@mahgister Quick fix:
Qualifying statements like,
- “music is about visible architecture and rhythmical times”
- “music is not about tonality versus atonality”
- “music is about feeling, willing and thinking”
- “in serialism music is disconnected of the natural rhythms of human metabolism”
with a simple statement of “in my opinion,” or “in my experience” cures such statements of their erroneousness.
Everyone’s opinion is valid. One may be better at arguing the usefulness of their opinion than another, but this has no bearing on the validity of a person’s opinion.
Thusly, if you were to qualify those statements of yours in such a way, they would be entirely valid statements.
When such statements are made without that qualification, their validity is dubious at best, non-existent at worst.
8,000,000,000 people here, each of them with a definition of what music “is” and what music “is about,” each of them perfectly valid.
There is no practical definition for “music” other than “created sound.”

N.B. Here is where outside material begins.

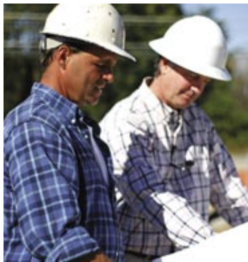
With proper planning you can readily implement a DFW program.

While you will not be able to create a drug-free workplace policy on your own, this guide will explain the key staff persons you will need to involve in this project and point out sections of the policy best left to specialists.

For many people, music is indeed all of the things you said it is not, and is indeed none of the things you said that is. They, just as you, are entirely valid in those definitions.
Many people pick a streaming station and let the algorithms decide the sounds their speakers emit. Music for them is something of a utilitarian aid to daily modern life.
For many people, music is indeed “about” tonality versus atonality.
Many people are non-plussed with music that presents traditionally “beautiful” harmonic and rhythmic content. Something else excites them, music with less traditional harmonic and rhythmic content, something that would likely cause the former person to cover their ears and promptly turn the music off.
Many people are in love with something like Schubert, Tchaikovsky or Rachmaninov or, in modern terms, Mancini, Bacharach, and Wilson.
Shoenberg, Boulez and Ligeti, or Beefheart, Can, or late-era Scott Walker won’t do much for them.
Again, beyond “created sound,” there is virtually no practical definition for what music “is” or what it “is about.”